*Aim of the task*.
Would you repeat word for word the lines of the listing that follows, from the one with "Simple Halter Top" up to and including the one with "The backpack continues", and leave out the images?

*Given records*.
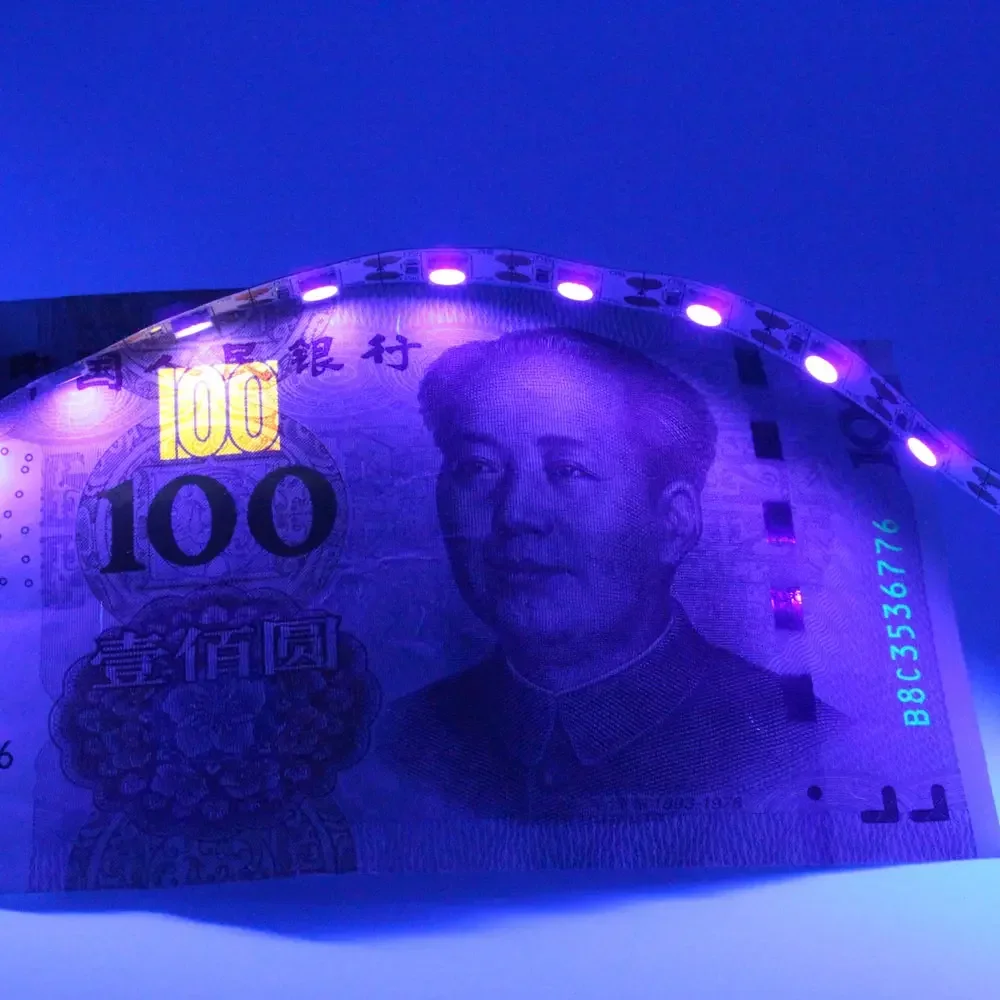 - This strip features high-brightness 5050 SMD UV LEDs operating at 395-405nm wavelength, providing intense fluorescence for various creative and professional uses in dark environments.
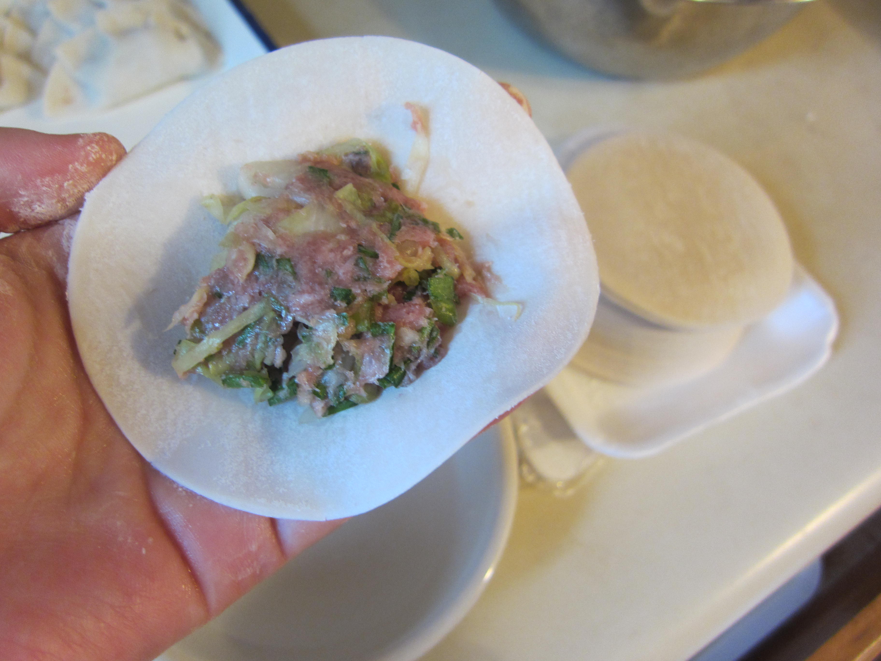 5) Before you start wrapping, you need a spoon and a small bowl filled with water. Have a sheet of gyoza wrapper on the palm of you left hand, and place a spoonful of filling in it.
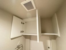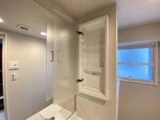 洗面室には洗面化粧台の他に洗濯機スペースと棚、浴室がまとまっていて脱衣室も兼ねています。洗面化粧台横の棚は奥行きの割に幅がないので、カゴなどの収納グッズを上手く使うのがオススメ。
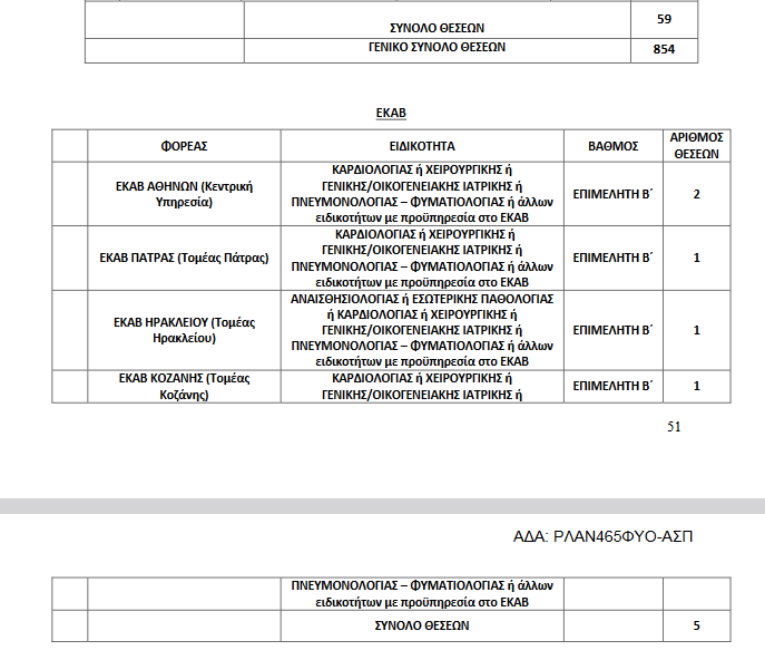 Η προκήρυξη αφορά θέσεις όλων ειδικοτήτων και των βαθμίδων στα νοσοκομεία αλλά και στο ΕΚΑΒ.
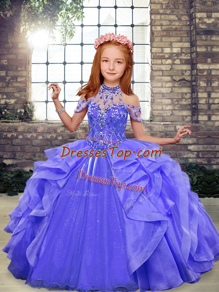 Simple Halter Top Sleeveless Organza Pageant Gowns For Girls Beading and Ruffles Lace Up
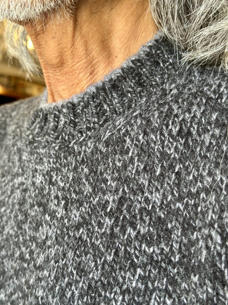 The final knitting of the collar is middle grey!
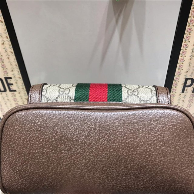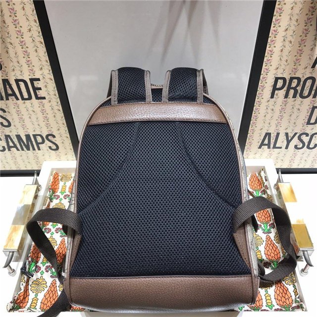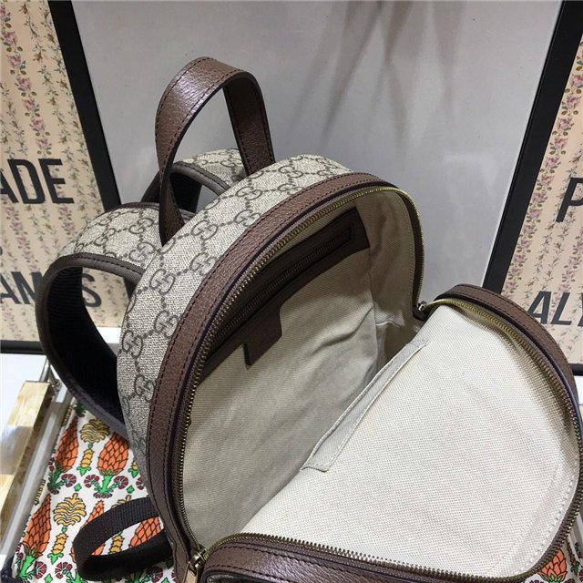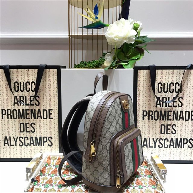 The backpack continues to be an important silhouette in the world of Gucci, offered in a variety of sizes and interpretations. Part of the ever-expanding world of Ophidia, it”s crafted in GG Supreme canvas with textured leather trim. The inlaid green and red Web detail and Double G hardware are steeped in the House”s rich history, referencing symbols incorporated in Gucci collections since the ”50s.
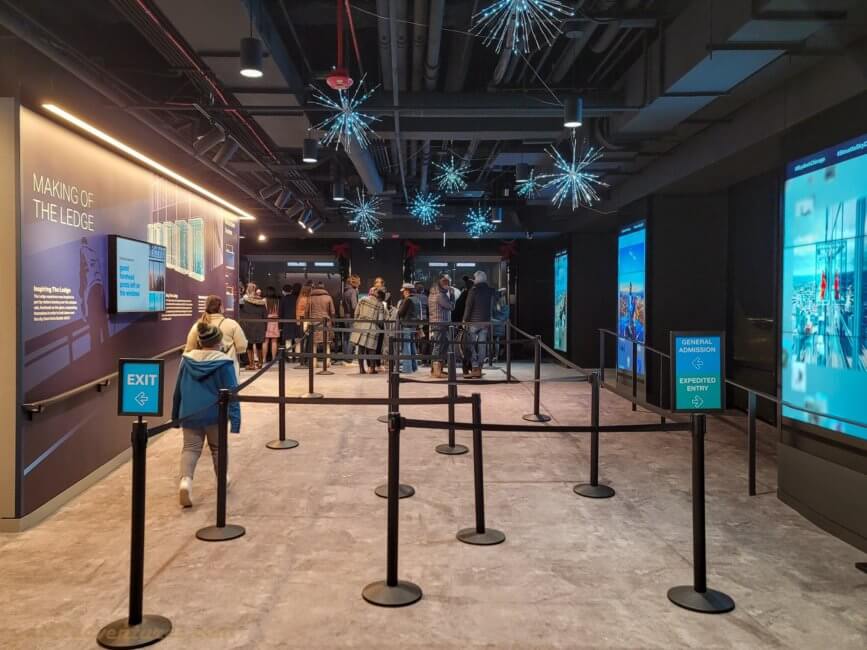 This experience is unique to the Skydeck. There are currently four “ledges” and a fifth one is under construction. There is a line for general admission ticket holders and expedited entry holders. Don’t worry, nobody can cheat, as they will scan the tickets of people in the expedited entry lane. Depending on how busy it is, wait times can be quite long. The Ledge experience is included with every admission. No extra ticket is necessary. Even when you buy a Chicago City Pass, the Ledge is included in the price.

*Output*.
 Simple Halter Top Sleeveless Organza Pageant Gowns For Girls Beading and Ruffles Lace Up
 The final knitting of the collar is middle grey!
 The backpack continues to be an important silhouette in the world of Gucci, offered in a variety of sizes and interpretations. Part of the ever-expanding world of Ophidia, it”s crafted in GG Supreme canvas with textured leather trim. The inlaid green and red Web detail and Double G hardware are steeped in the House”s rich history, referencing symbols incorporated in Gucci collections since the ”50s.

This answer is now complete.